WHAT YOU ARE ASKED TO DO –
Word for word, give the records again, dropping any picture they hold.

EXERCISE INPUTS –
^^^^^^^^^^^^^^^^
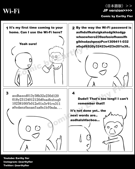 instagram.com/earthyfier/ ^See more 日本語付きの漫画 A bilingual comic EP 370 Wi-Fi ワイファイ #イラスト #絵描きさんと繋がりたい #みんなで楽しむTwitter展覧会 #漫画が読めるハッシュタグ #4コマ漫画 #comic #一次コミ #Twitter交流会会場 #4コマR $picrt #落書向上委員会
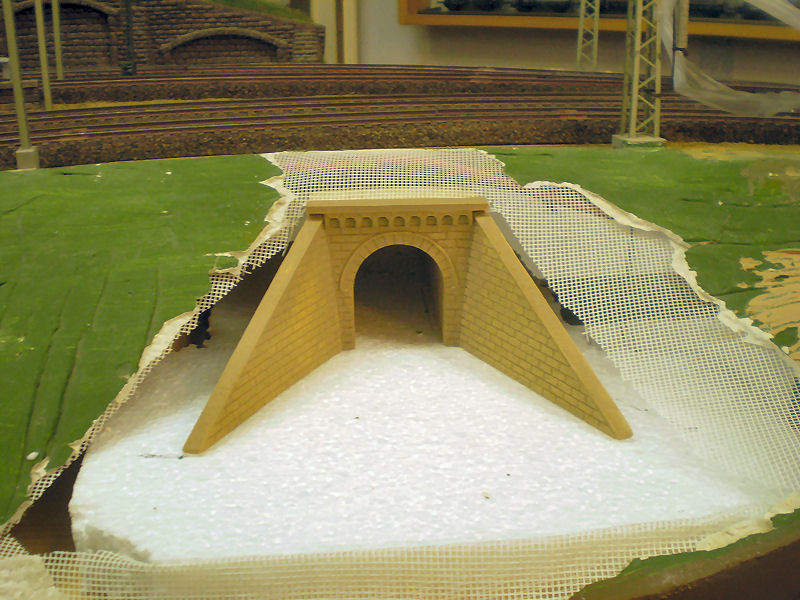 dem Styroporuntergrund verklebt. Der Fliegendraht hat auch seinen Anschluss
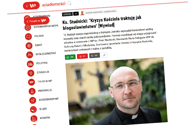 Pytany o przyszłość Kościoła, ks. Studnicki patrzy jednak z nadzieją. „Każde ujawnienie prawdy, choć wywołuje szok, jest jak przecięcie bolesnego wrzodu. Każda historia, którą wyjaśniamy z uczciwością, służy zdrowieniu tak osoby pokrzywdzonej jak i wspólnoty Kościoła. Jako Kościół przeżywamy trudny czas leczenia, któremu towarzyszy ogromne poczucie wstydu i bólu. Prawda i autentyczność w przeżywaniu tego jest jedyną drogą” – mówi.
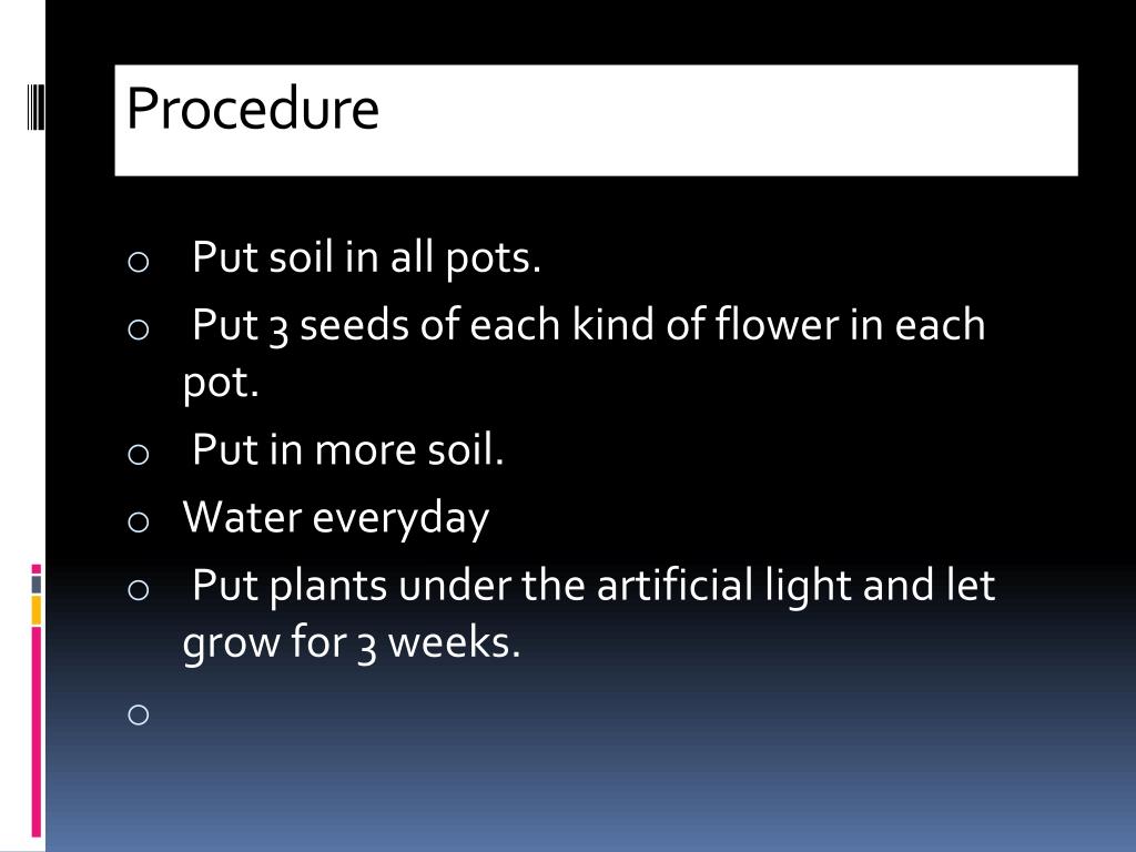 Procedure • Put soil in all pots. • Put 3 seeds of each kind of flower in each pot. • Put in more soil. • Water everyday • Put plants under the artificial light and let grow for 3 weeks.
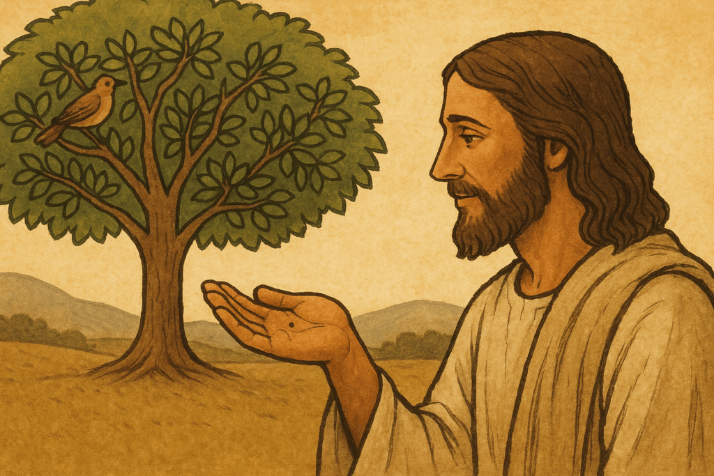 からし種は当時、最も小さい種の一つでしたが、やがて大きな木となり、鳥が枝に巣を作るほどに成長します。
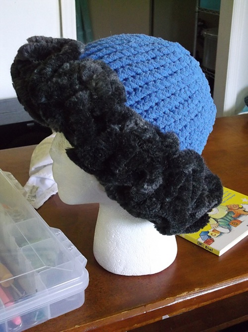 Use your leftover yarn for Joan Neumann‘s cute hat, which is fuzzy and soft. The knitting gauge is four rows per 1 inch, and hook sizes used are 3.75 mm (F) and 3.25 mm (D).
^^^^^^^^^^^^^^^^
WORKED SOLUTION –
 instagram.com/earthyfier/ ^See more 日本語付きの漫画 A bilingual comic EP 370 Wi-Fi ワイファイ #イラスト #絵描きさんと繋がりたい #みんなで楽しむTwitter展覧会 #漫画が読めるハッシュタグ #4コマ漫画 #comic #一次コミ #Twitter交流会会場 #4コマR $picrt #落書向上委員会
 dem Styroporuntergrund verklebt. Der Fliegendraht hat auch seinen Anschluss
 Pytany o przyszłość Kościoła, ks. Studnicki patrzy jednak z nadzieją. „Każde ujawnienie prawdy, choć wywołuje szok, jest jak przecięcie bolesnego wrzodu. Każda historia, którą wyjaśniamy z uczciwością, służy zdrowieniu tak osoby pokrzywdzonej jak i wspólnoty Kościoła. Jako Kościół przeżywamy trudny czas leczenia, któremu towarzyszy ogromne poczucie wstydu i bólu. Prawda i autentyczność w przeżywaniu tego jest jedyną drogą” – mówi.
 Procedure • Put soil in all pots. • Put 3 seeds of each kind of flower in each pot. • Put in more soil. • Water everyday • Put plants under the artificial light and let grow for 3 weeks.
 からし種は当時、最も小さい種の一つでしたが、やがて大きな木となり、鳥が枝に巣を作るほどに成長します。
 Use your leftover yarn for Joan Neumann‘s cute hat, which is fuzzy and soft. The knitting gauge is four rows per 1 inch, and hook sizes used are 3.75 mm (F) and 3.25 mm (D).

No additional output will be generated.